Jusque là, l’histoire était celle d’une rencontre, assez classique, mais touchante. A partir de là, Anomalisa va vriller vers le fantastique et l’allégorique. C’est ce virage qui transforme le film mélodramatique en œuvre presque métaphysique. Car après avoir fait l’amour, Lisa change et se banalise. L’importance de la voix prend toute sa dimension. C’est avant tout l’illustration d’un homme qui est capable d’une impulsion irréfléchie en suivant ses émotions et qui se lasse vite, lucide sur la routine qui écrasera la beauté éphémère d’une nuit magique. Abattu par son pessimisme et son incapacité à savourer son existence, il en vient à rêver sous la forme d’un délire paranoïaque proche d’une nouvelle de Philip K. Dick, qu’il est un homme sans visage, qu’il n’y a rien derrière son masque.
Les masques tombent
Terrible constat, qui rejoint alors toutes les œuvres de Charlie Kaufman (l’amour est une illusion, de l’autre côté du miroir il n’y a rien). Plus aucune pensée n’est produite. Et, par conséquent, toute réflexion est influencée par des schémas préconçus. La pression sociale détruit alors tout romantisme. Le charme est subtilement rompu par le simple usage de la voix de Lisa…

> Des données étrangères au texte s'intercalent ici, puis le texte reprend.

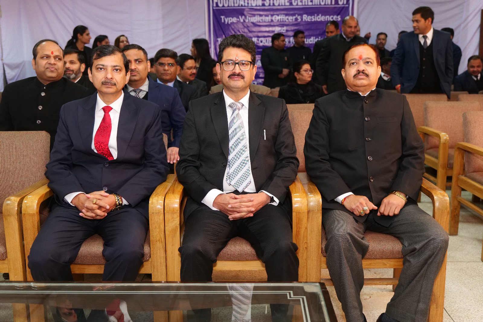 इस शिलान्यास कार्यक्रम में मुख्य अतिथि माननीय कार्यवाहक मुख्य न्यायाधीश, मा० उच्य न्यायालय उत्तराखण्ड, नैनीताल न्यायमूर्ति श्री मनोज कुमार तिवारी जी, मा० न्यायमूर्ति श्री आलोक कुमार वर्मा जी. मा० न्यायमूर्ति श्री राकेश थपलियाल जी, मा० न्यायमूर्ति श्री पंकज पुरोहित जी. भा० न्यायमूर्ति श्री विवेक भारती शर्मा जी, उच्च न्यायालय, उत्तराखण्ड, नैनीताल के महानिबन्धक श्री आशीष मैयानी जी, अन्य निबन्धकगण, प्रमुख सचिव, न्याय श्री नितिन शर्मा जी श्री राज्यपाल के विधिक सलाहकार श्री अमित कुमार सिरोही जी, प्रधान कुटुम्ब न्यायाधीश श्री राजीव कुमार खुल्ये जी, प्रमुख सचिव विधायी श्री एस० एम० डी० दानिश जी, जनपद देहरादून के न्यायिक अधिकारीगण, कार्यदायी संस्था एन० बी० सी० सी० के वरिष्ठ कार्यकारी निदेशक श्री योगेश शर्मा जी, बार ऐसोसिएशन देहरादून के सम्मानित पदाधिकारीगण एन० बी० सी० सी० के अपर महाप्रबन्धक श्री अनुराग सिंघल, अपरमहा प्रबन्धक सौरभ त्यागी भी उपस्थित रहे। कार्यकम का संचालन न्यायिक मजिस्ट्रेट, देहरादून श्रीमती उर्वशी रावत ने किया।

C’est quoi être humain aujourd’hui ? C’est quoi la douleur ? C’est quoi être vivant ? Autant de questions qui n’ont pas forcément de réponses mais qui donnent à Anomalisa un aspect philosophique fascinant, qui hante longuement nos esprits. Au milieu de cette solitude dans les champs peuplés de cons, on peut légitimement péter les plombs. Mais ici, il ne s’agit que d’une magnifique critique subversive, satirique et réfléchie d’un système où le service client est supérieur à la relation humaine, où le consommateur a dévoré l’individu. Un monde de clones qui ne font pas rire, sauf à avoir la distance nécessaire (et salutaire) pour y voir des clowns dont on peut se moquer, tout en étant compatissant avec cet homme largué et défait par l’absence d’hyperliens dans cet OS connecté.